Organize your subtopics. Each of those subsidiary ideas or elements should be addressed in a paragraph or set of paragraphs, in what appears to the reader to be a logical order, with transitions from one to the next. This is also part of the reader's orientation. 

Choose the diction that is appropriate to your subject and your reader(s). There's a lot of room in English, from the most formal to the most colloquial, and you can plot where on that broad continuum you can most effectively say what you want the reader to understand. (Read it out loud to yourself; that should help you identify language that doesn't work.)

Give it a final read for the little stuff. You know, the spelling (particularly of names), the punctuation, the grammar, the usage. That stuff. 
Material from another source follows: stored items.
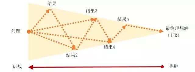 孙子说:“故善战者,立于不败之地,而不失敌之败也。”,又说“善战者先胜而后战,败兵先战而后求胜。”《孙子兵法》告诉我们要先赢了再打,先获得胜的结果再反推战的问题(如图4所示)。不要在战争中求取胜利,战争具有很大的不确定性,一旦开战就可能产生意想不到的结果。因此,不要拿国家民族的命运去赌小概率获胜的机会。“先胜后战”实际上就是解决军事问题的最终理想解(IFR)。
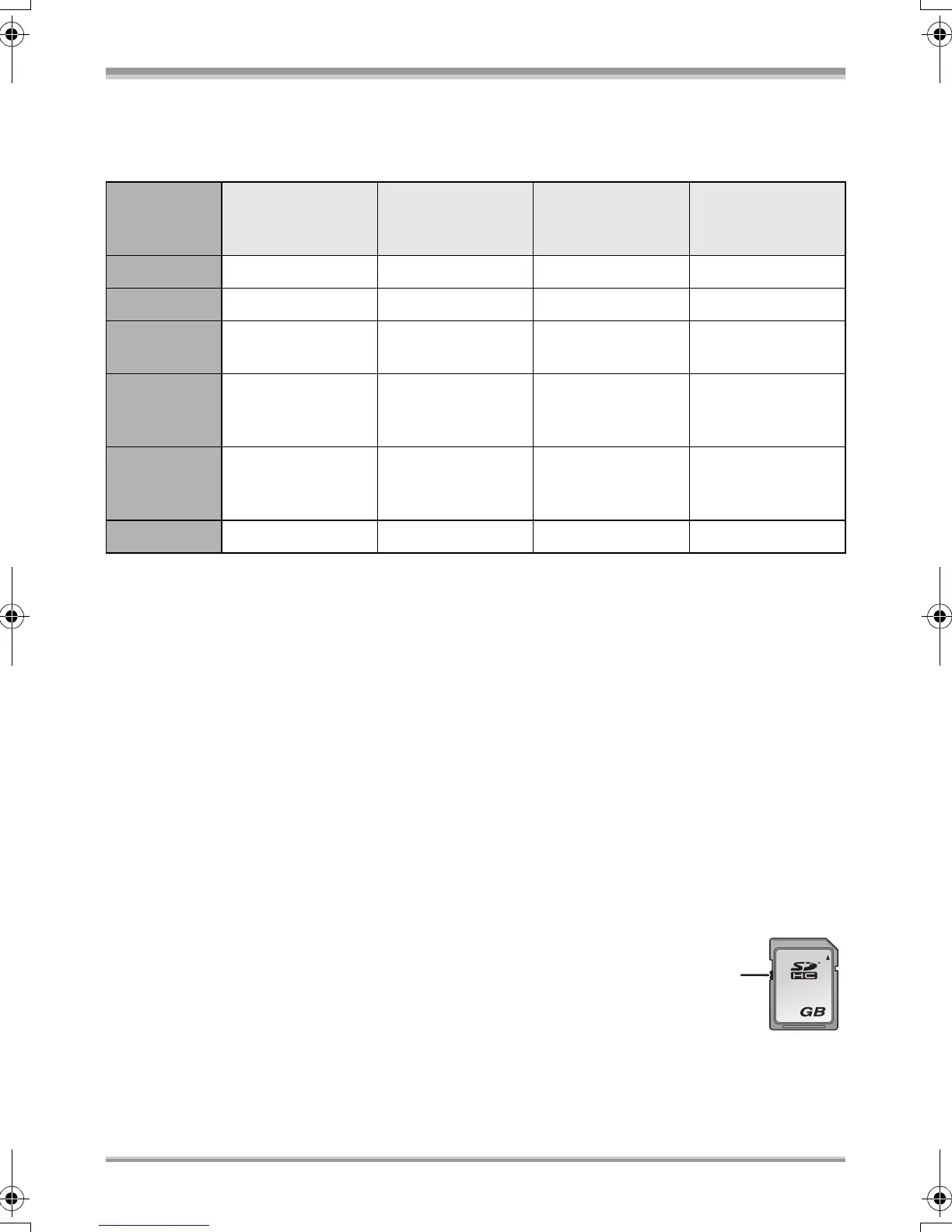 ≥ Operation in motion picture recording is not guaranteed with an SD card memory from 32 MB to 8 GB
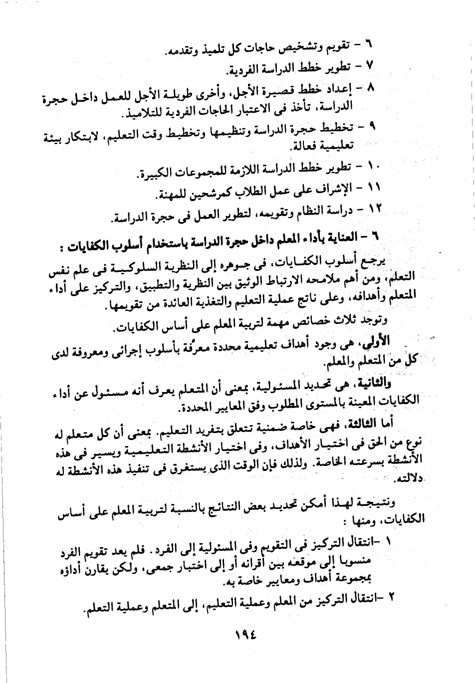 6- العناية بأداء المعلم داخل حجرة الدراسة باستخدام أسلوب الكفايات:
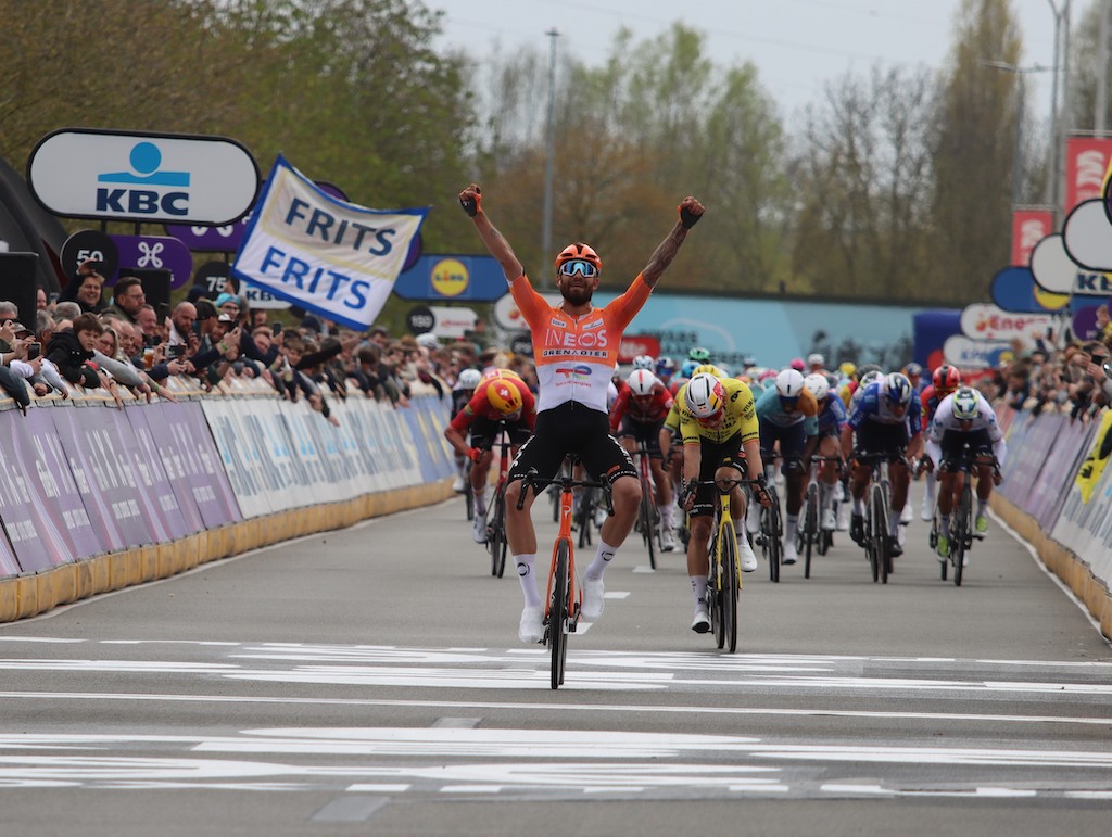 La Flandre a offert une nouvelle fois une course complètement dingue ! Ce mercredi à Waregem, Filippo Ganna s’impose sur la 80e édition d’À travers la Flandre. L’Italien d’INEOS Grenadiers coiffe Wout Van Aert dans les derniers mètres. Une histoire cruelle et implacable pour le champion belge, mais, il a démontré qu’il est en forme pour le Tour des Flandres.

The consequence: Neglect any of these things, and it will fall to me to fix them, and I'm good at what I do. I charge for it. But you would probably prefer to say what you mean yourself, clearly and effectively, rather than have me attempt to guess what you mean. 


Friday, January 2, 2026

I do say

 Coming up in the new year: In February, when I turn seventy-five, I will mark forty-six years since The Cincinnati Enquirer offered me a position on the copy desk and allowed me to discover what my vocation is. 

Most of what I have learned about editing in more than forty years can be found at the You Don't Say blog at The Baltimore Sun, which is either accessible only by subscription or no longer available.* Some of the videos recorded at The Sun, such as the first-day-of-class warning and the recipe for mint juleps, can be found on Facebook or YouTube. 
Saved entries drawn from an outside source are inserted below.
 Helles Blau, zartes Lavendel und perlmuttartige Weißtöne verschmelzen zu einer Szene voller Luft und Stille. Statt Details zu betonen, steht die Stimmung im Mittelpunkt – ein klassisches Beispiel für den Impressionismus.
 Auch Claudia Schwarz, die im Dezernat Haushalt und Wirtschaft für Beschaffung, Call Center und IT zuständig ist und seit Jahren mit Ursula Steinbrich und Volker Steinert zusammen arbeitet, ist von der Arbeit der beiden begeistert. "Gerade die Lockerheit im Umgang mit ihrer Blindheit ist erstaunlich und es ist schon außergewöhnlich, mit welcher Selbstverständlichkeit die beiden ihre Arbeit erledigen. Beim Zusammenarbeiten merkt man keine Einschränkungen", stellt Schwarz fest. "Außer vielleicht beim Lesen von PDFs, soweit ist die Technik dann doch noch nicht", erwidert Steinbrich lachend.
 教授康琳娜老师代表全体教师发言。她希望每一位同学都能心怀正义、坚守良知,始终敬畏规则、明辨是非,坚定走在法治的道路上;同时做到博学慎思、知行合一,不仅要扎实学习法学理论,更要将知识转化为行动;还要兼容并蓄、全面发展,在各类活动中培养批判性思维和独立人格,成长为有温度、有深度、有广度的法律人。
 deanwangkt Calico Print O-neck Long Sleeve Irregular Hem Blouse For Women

And here. I started this version in 2009 when The Sun laid me off, along with sixty other news employees (hiring me back a year later). This version of the blog mixes personal subjects with professional ones, but there is still quite a bit of material about editing, such as the importance of skepticism, a code for copy editors, and what is in effect a minicourse in editing. Feel free to explore the site. 

And as I mention "free," let me point out that if you discover anything of value here, I make it available to you at no cost. 


*I am not [cough] on good terms with the current ownership and management.